60 year-old men with personal history of lung cancer presented with a left retroareolar lump and clear ipsilateral nipple discharge. On the low energy images (A, C), a nodular left subareolar opacity is seen. On the recombined images (B, D), it shows no enhancement. Sonographically (E), it corresponds to a hypoechoic subareolar nodule surrounded by breast tissue. Asymmetrical gynecomastia is also evident on CT images (F). Findings are suggestive of nodular pattern gynecomastia.

Figure 3.

60 year-old male, HIV positive, presented with a right retroareolar mass and clear nipple discharge. No lymphadenopathies on physical exam. On the low energy right CC image (B), a nodular subareolar image can be seen. On the recombined images (A, C), a progressive mass enhancement is depicted. Note the increased in conspicuity at the last performed view (R-ML). On ultrasound (D), a hypoechoic subareolar nodule surrounded by breast tissue is shown. A 14G core needle biopsy confirmed the diagnosis of nodular gynecomastia.

Dendritic form

The dendritic form is seen in patients with gynecomastia for longer than 1 year.11 It is often referred as the late quiescent phase. Histologically, it is characterized by minimal ductal hyperplasia and periductal stromal fibrosis.4 In this form, fibrosis becomes the dominant process rendering the dendritic form of gynecomastia irreversible.11 Mammographically, it presents as a flame-shaped subareolar opacity4 with posterior linear projections radiating into the surrounding tissue towards the upper-outer quadrant11 (Fig. 4). On ultrasound, it presents as a subareolar serpiginous tissue with “star-shaped” borders and “spider leg” appearance.4,11

Figure 4.

64-year-old male diagnosed with Multiple Endocrine Neoplasia type 1 (MEN1) who underwent surgery in his childhood for prolactinoma. Breast examination showed bilateral subareolar tissue. On the low energy images (A, C, E, G), a flame-shaped subareolar opacity is seen. On the recombined images (B, D, F, H), it exhibits no enhancement. The ultrasound of the right retroareolar region (I) shows a hypoecoic area with “star-shaped” borders.

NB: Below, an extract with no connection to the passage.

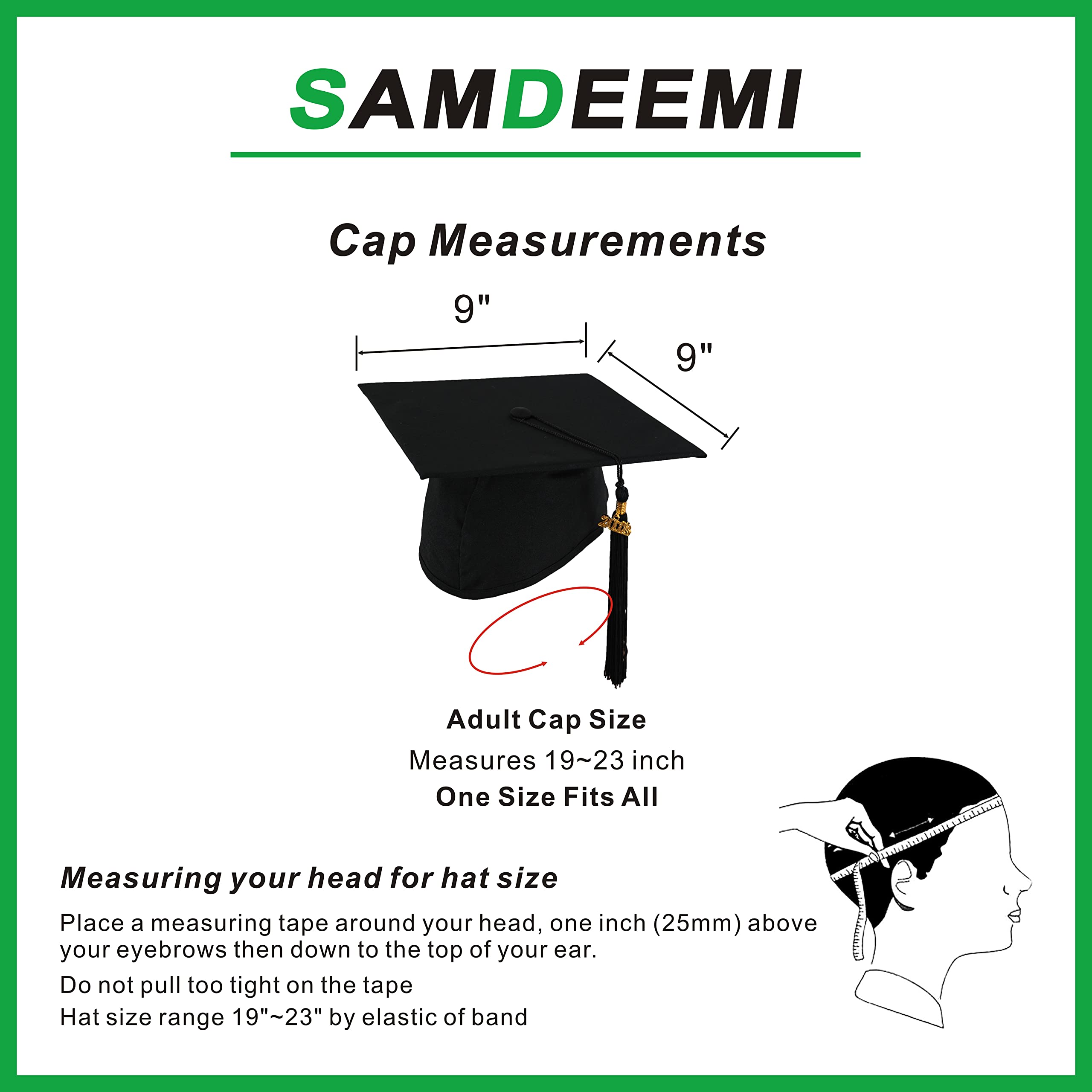 Description In 2003, we established a clothing factory and registered our own brand SAMDEEMI. For more than ten years, SAMDEEMI has been committed to producing high-quality and diversified graduation related products, and providing services for global preschool, high school and college graduates. At present, the company's main products include adult and child graduation hats and gowns, religious robes, cloaks, stoles, shawls, honor cord, accessories, etc. SAMDEEMI hopes our products can bring you surprises. SAMDEEMI Graduation Cap: Graduation Cap: High quality matte polyester and hard board. One size fits all. Board size is 9"x9" (24 x 24cm). The Head circumference of the elastic band is adjustable about 19"~23". Blank design, convenient for DIY, easy to customize. Designing your graduation cap is a perfect way to celebrate new graduation for graduates from high-schoolers to college students. You can get your graduation cap more clever and more impressive with your designs. Tassel + Year Charm: 100% Rayon - Gold Plated Copper Clasp. 9" Tassel Construction 6" Hang Loop Free Moving 2026 Year Charm of Gold Zinc. Note: The cap can not wash. Please be aware that colors might look slightly different in person due to camera quality and monitor settings. Hope you'll enjoy your graduation ceremony with this Graduation Gown Cap set. Best wishes and congratulations to you all.

In some cases, patients with gynecomastia may experience an acute episode in addition to the presence of chronic dendritic gynecomastia. As a result, both the acute and chronic phases can be observed simultaneously.11

Diffuse form

The diffuse form of gynecomastia has properties of both early and late phases.4 It is commonly associated to high-dose estrogen therapy4,11 and is frequently observed in transgender individuals undergoing hormone treatment.4 Mammographically, the diffuse form presents as heterogeneously enlarged breast tissue, resembling a female breast appearance4 (Fig. 5). It displays a diffuse density with both dendritic and nodular features.11 On ultrasound, nodular and dendritic features are seen surrounded by diffuse hyperechoic fibrous breast tissue.11

Figure 5.

52 year-old male presented with increased density and mastalgia of the right breast, as well as clear nipple discharge. On DBT (A–D) bilateral asymmetrical gynecomastia can be seen. On the right breast (A, C) the fibroglandular tissue simulates a dense female breast (diffuse gynecomastia) while on the left breast (B, D) only sparse fibroglandular tissue, mainly at the subaeolar region, is seen.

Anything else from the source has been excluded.